Suleman’s obsession with the Titanic began years earlier, when the family lived in Singapore and he visited a huge exhibition about the liner. “He’d been fascinated with the Titanic since we went to a huge exhibition when we lived in Singapore,” Dawood said. That interest lingered until the summer he boarded Titan for the dive that would cost him his life.
The disaster drew global attention because the submersible vanished during an expedition to the Titanic, and reports at the time said it had about four days of oxygen. Dawood said she was trapped on the ship waiting for signs that Titan would surface, while word spread that she had been meant to go herself but gave her ticket to her son. “The Titanic was claiming another five people, right?” she said. “And the age of my son was a huge thing. If it had been five grown men, it might not have been as juicy.”
That detail has shadowed the story ever since, but Dawood said the family’s grief has never fit the way the disaster was discussed in public. She said she has remained extremely close to her in-laws, and she does not want her daughter defined by the tragedy. “I don’t want her to be known as that girl who lost her father and brother on the Titan,” she said. “She’s just starting her life and I prefer to leave her out.”

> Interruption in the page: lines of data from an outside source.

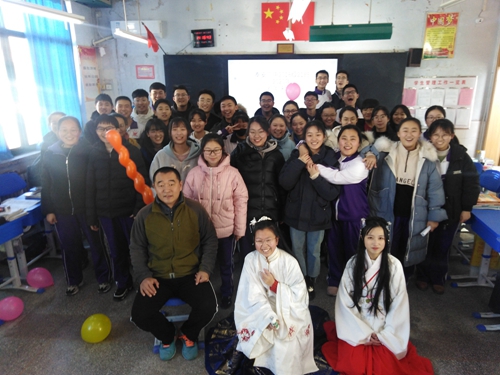 从中午开始,校园里就洋溢着同学们激动而兴奋的欢笑声。同学们有的忙着搬桌子挪椅子,有的忙着装饰教室,有的忙着排练即将表演的节目,每一座教学楼里都充满了节日的喜庆。联欢会上各班人才尽显其能,除了常见的唱歌跳舞,还有别出心裁的魔术、话剧、相声、小品等,部分年轻班主任和任课教师也参与其中,师生同乐,像一家人一样其乐融融。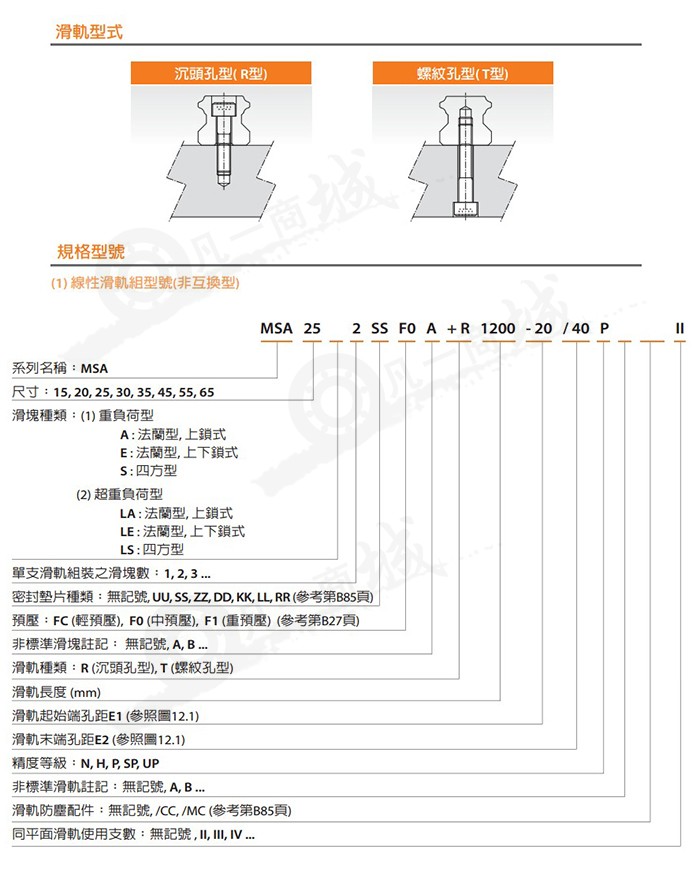 MSA系列銀泰直線導軌采用4列圓弧接觸式及45°觸角的鋼珠列設計,提供徑向、反徑向及橫方向四方向的相同額定負荷能力,無論X、Y、Z等軸的各種安裝方式都可以使用,并且可在維持低摩擦阻力情況下均勻的施以預壓,增強四個受力方向的剛性,特別適合高精度與高負荷的運動方式。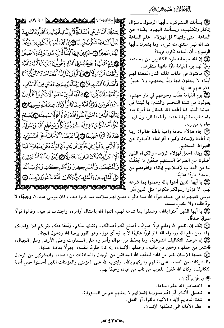 63 - يسألك المشركون -أيها الرسول- سؤال إنكار وتكذيب، ويسألك اليهود أيضًا؛ عن الساعة: متى وقتها؟ قل لهؤلاء: علم الساعة عند الله ليس عندي منه شيء، وما يشعرك -أيها الرسول- أن الساعة تكون قريبة؟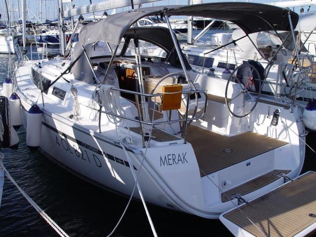 Il nostro Bavaria Cruiser 34 Merak è un?imbarcazione monoscafo a vela con motore ausiliario, la sua lunghezza è mt. 10,00. E? comoda per 6 persone, alloggiate in 3 cabine, 2 a poppa ed una a prua, ma può portare fino a 8 persone - ci sono infatti 2 posti aggiuntivi ricavabili in dinette, abbassando il tavolo; la barca ha 1 bagno con doccia interna ed 1 doccia esterna, anche questa con acqua calda; è l?ideale per una vacanza all?insegna del divertimento e del relax con la propria famiglia o con gli amici. E? provvista di una cucina completamente attrezzata con stoviglie per 8 persone , acqua calda, corrente elettrica 12V (220V disponibile quando collegati in porto con cavo), cappottina paraspruzzi e tendalino parasole rigido a protezione del pozzetto, tender.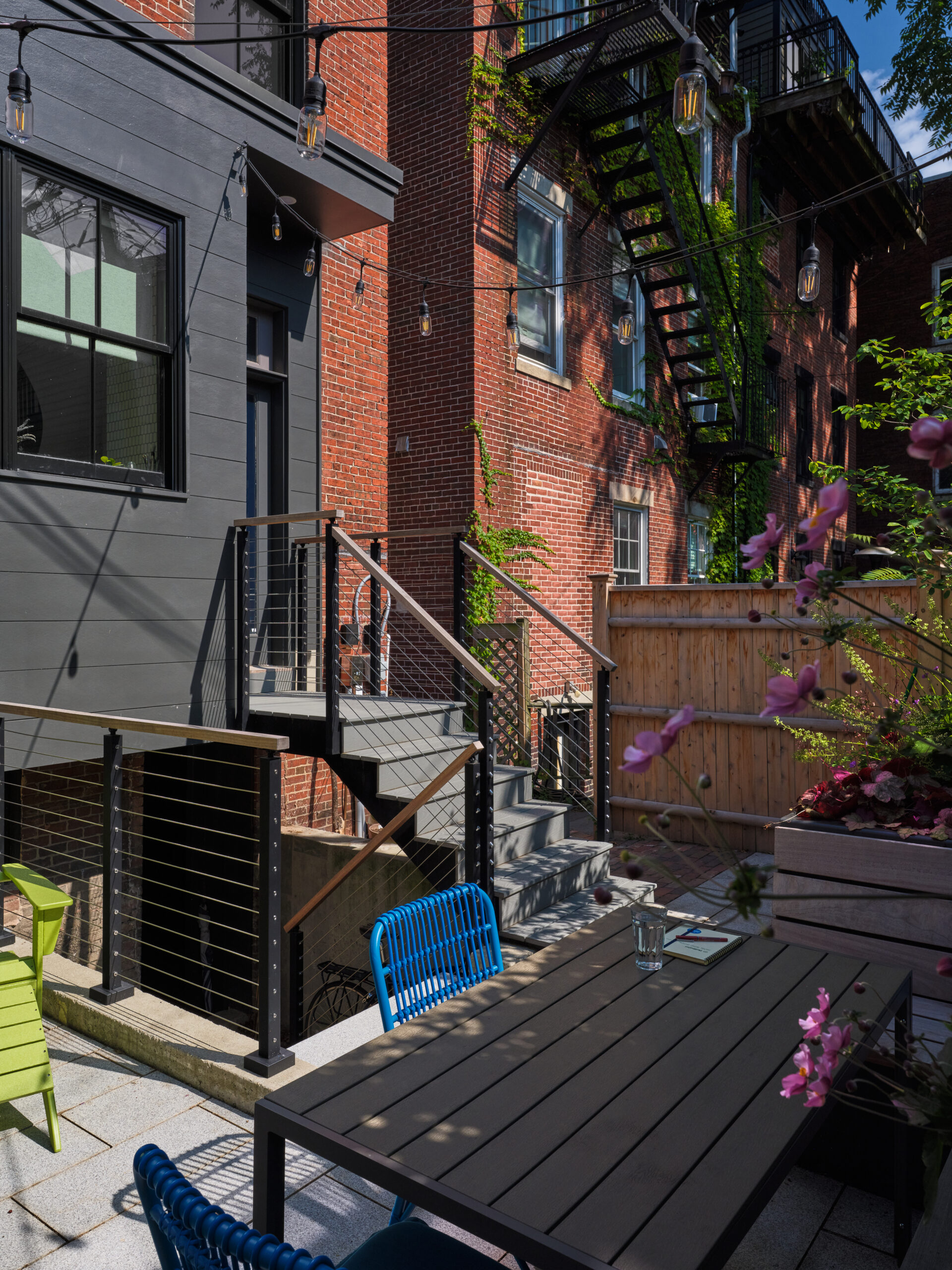 And last but not least, of course, is the backyard - expertly designed by Offshoots, Inc. The same theme held outside as inside - packing as many activities into a tight space, without feeling cramped. A built in planter/bench, a grilling station, pollinator friendly plants, an herb garden, bike storage, a sitting area, trash storage, and access to the basement all manage to fit in this jewel of a backyard!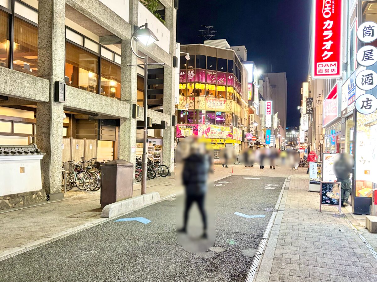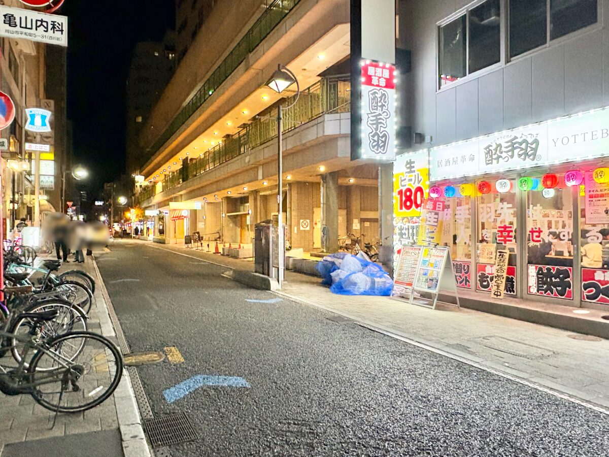 このビルの左には、かに道楽があってまっすぐ行くと岡山駅の方です。

Almost three years after the implosion, Dawood has spoken in detail for the first time and written a book about what happened. She said the advice that stayed with her came from a Canadian Coast Guard officer after the search was over: “Hindsight won’t help you, so don’t fall into that trap. Just because you know it now … you didn’t know it before.” For Dawood, the Lego Titanic is not a relic of the disaster so much as the proof that Suleman was still there long after the sea took him.